§ Provided entries
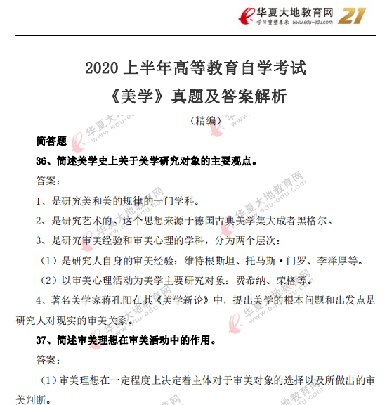 资料简介:2020年8月自考真题及答案—《美学》
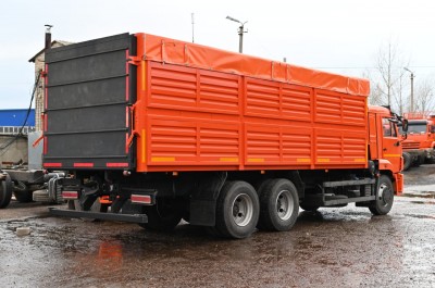 снование конструкции усиленное, выполнено из конструкционной стали 09ГС, обработано антикоррозийным материалом, согласно требованиям завода изготовителя. Пол надстройки выполнен из рифленого листа 3мм, поперек пола расположены противоскользящие ребра из гнутого швеллера через каждые 400мм. Надстройка представляет собой стальной каркас, зашитый панелями специального гнутого профиля. Верхняя часть надстройки в летнее время открытое, сварено из профильной трубы, в зимнее время закрывается накидным пологом с передними, боковыми клапанами для вентиляции кузова, в количестве 2ед. на передней стенке, 6ед. с каждой стороны по бокам. С внутренней стороны кузова, , выполнены решетчатые перегородки 2ед. с калиткой из крашенного стального профиля, разделяющее внутреннее пространства. С наружной стороны надстройка окрашивается в цвет синий, либо оранжевый, либо иного цвета по желанию Заказчика, лакокрасочными материалами повышенной коррозийной стойкостью. Надстройка оборудована передними, задними и боковыми габаритными фонарями (питание от электросети автомобиля). Монтаж надстройки на шасси, согласно требованию завода изготовителя шасси. По периметру нанесена обязательная маркировка светоотражающая полоса. Установлены задние металлические крылья с резиновыми брызговиками.
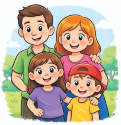 Lorena vive en una casa pequeña pero muy alegre junto a su familia. Su mamá se llama Laura y le encanta cocinar. Todos los domingos prepara un delicioso almuerzo que comparten en la mesa. Su papá, Carlos, trabaja como carpintero y a veces les enseña a sus hijos a construir pequeños juguetes de madera.
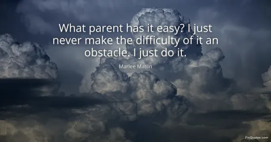 Matlin, Marlee. (2026, January 16). What parent has it easy? I just never make the difficulty of it an obstacle. I just do it. FixQuotes. https://fixquotes.com/quotes/what-parent-has-it-easy-i-just-never-make-the-108175/
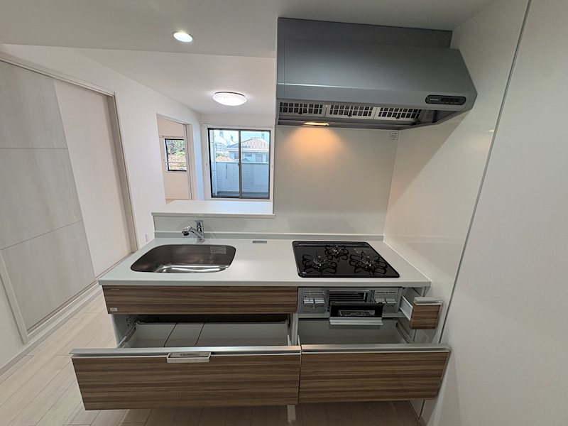 宅配BOX,システムキッチン,カウンターキッチン,ガスコンロ設置済,3口以上コンロ,グリル,バス・トイレ別,追い焚き風呂,浴室乾燥,シャワー,温水洗浄便座,洗面台,洗面所独立,エアコン,BS,CS,インターネット専用線配線済み,ネット使用料不要,TVインターホン,ガス給湯,3点給湯,24時間換気システム,洗濯機置場,ウォークインクローゼット,シューズボックス,収納有,ガス(都市ガス)

§ Exercise instructions
Please output, exactly and with no pictures, only the lines from the one containing "Matlin, Marlee. (2026, January" through the final line of the records above.

§ Task result
 Matlin, Marlee. (2026, January 16). What parent has it easy? I just never make the difficulty of it an obstacle. I just do it. FixQuotes. https://fixquotes.com/quotes/what-parent-has-it-easy-i-just-never-make-the-108175/
 宅配BOX,システムキッチン,カウンターキッチン,ガスコンロ設置済,3口以上コンロ,グリル,バス・トイレ別,追い焚き風呂,浴室乾燥,シャワー,温水洗浄便座,洗面台,洗面所独立,エアコン,BS,CS,インターネット専用線配線済み,ネット使用料不要,TVインターホン,ガス給湯,3点給湯,24時間換気システム,洗濯機置場,ウォークインクローゼット,シューズボックス,収納有,ガス(都市ガス)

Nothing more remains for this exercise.